[SUPPLIED DATA Boundary: Start]
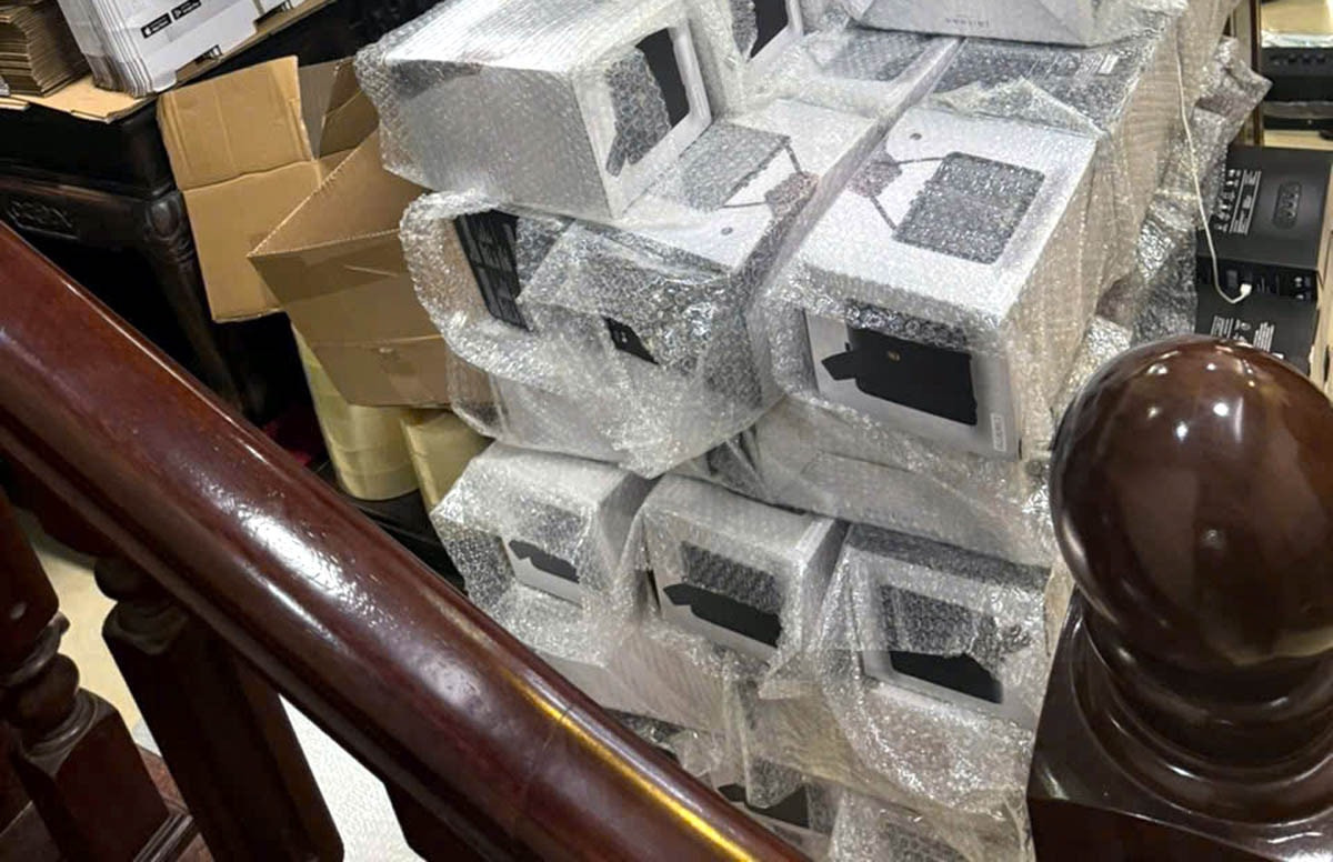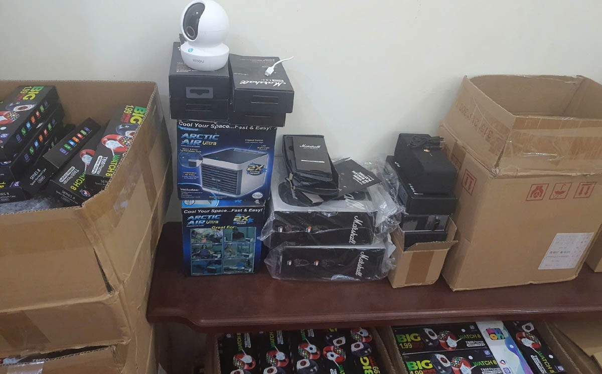 Toàn bộ quy trình tiếp cận khách hàng, bán hàng, vận chuyển và thu tiền được tổ chức tinh vi trên không gian mạng. Khám xét 2 căn nhà tại Thanh Trì, Hà Nội, lực lượng chức năng phát hiện kho hàng giả khổng lồ gồm loa, tai nghe, đồng hồ, máy hút bụi cùng nhiều hàng hóa không rõ nguồn gốc.
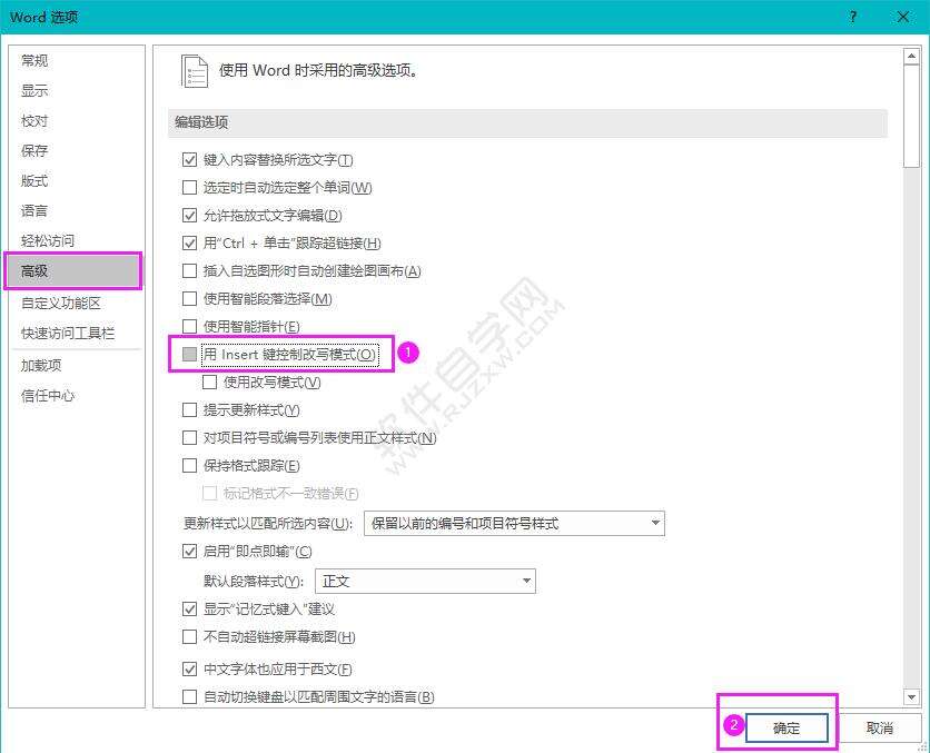 3、弹出Word选项,点击高级功能,取消勾选用lnsert键控制改写模式,点击确定。
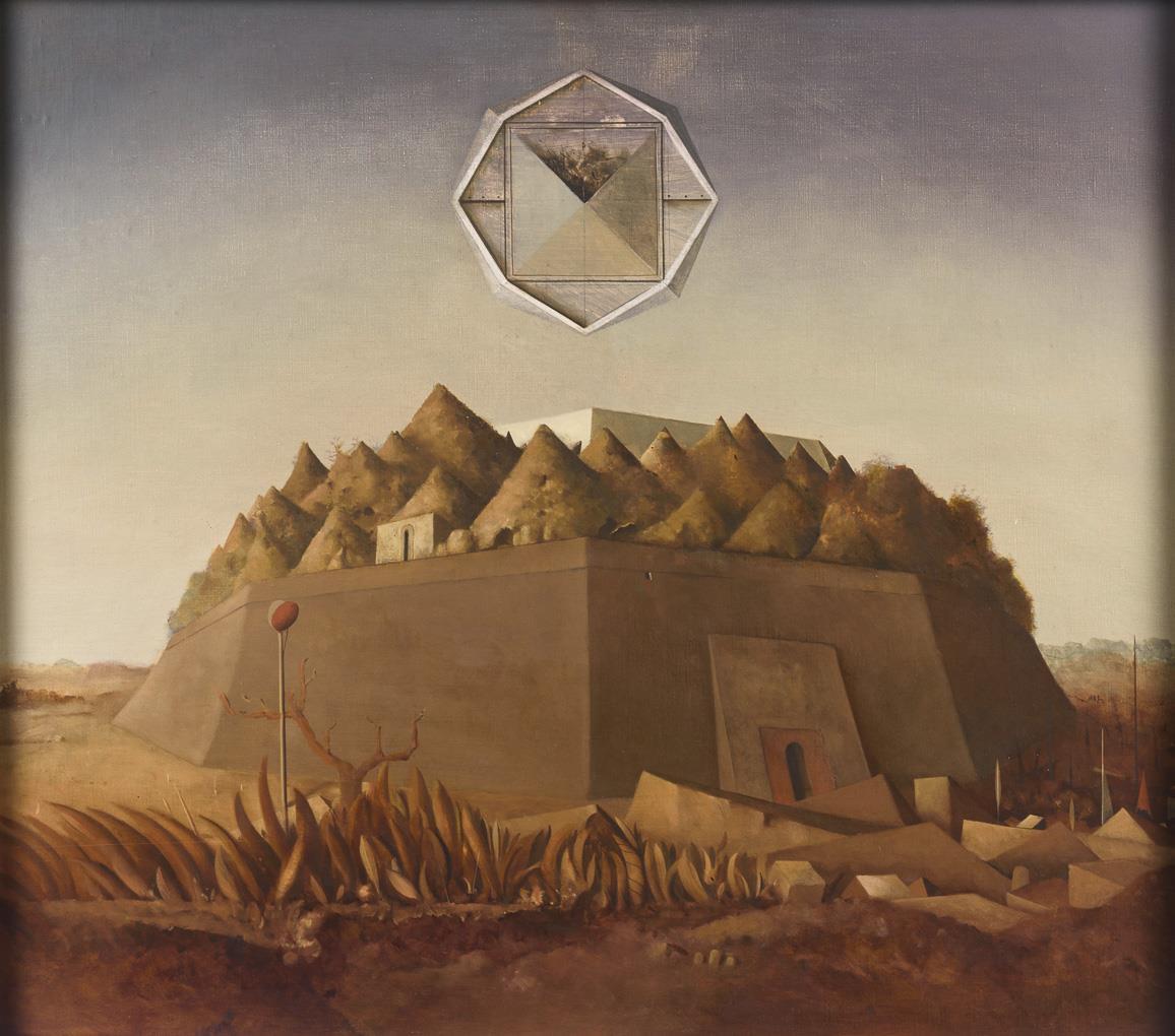 Surrealistic landscape with mountainous scenery behind high walls in wide wasteland with ruins.
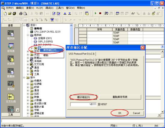 3.7 库存储区分配:在编译程序之前,选择 “程序块” ->“ 库” 右键,选择“库存储区”。在点击 “建议地址” 选择V存储区的地址后点击 “OK”退出。
[SUPPLIED DATA Boundary: End]
*PROBLEM STATEMENT:* Leave the pictures out and restate the listing word for word.

*SOLUTION TO THIS PROBLEM:*
 Toàn bộ quy trình tiếp cận khách hàng, bán hàng, vận chuyển và thu tiền được tổ chức tinh vi trên không gian mạng. Khám xét 2 căn nhà tại Thanh Trì, Hà Nội, lực lượng chức năng phát hiện kho hàng giả khổng lồ gồm loa, tai nghe, đồng hồ, máy hút bụi cùng nhiều hàng hóa không rõ nguồn gốc.
 3、弹出Word选项,点击高级功能,取消勾选用lnsert键控制改写模式,点击确定。
 Surrealistic landscape with mountainous scenery behind high walls in wide wasteland with ruins.
 3.7 库存储区分配:在编译程序之前,选择 “程序块” ->“ 库” 右键,选择“库存储区”。在点击 “建议地址” 选择V存储区的地址后点击 “OK”退出。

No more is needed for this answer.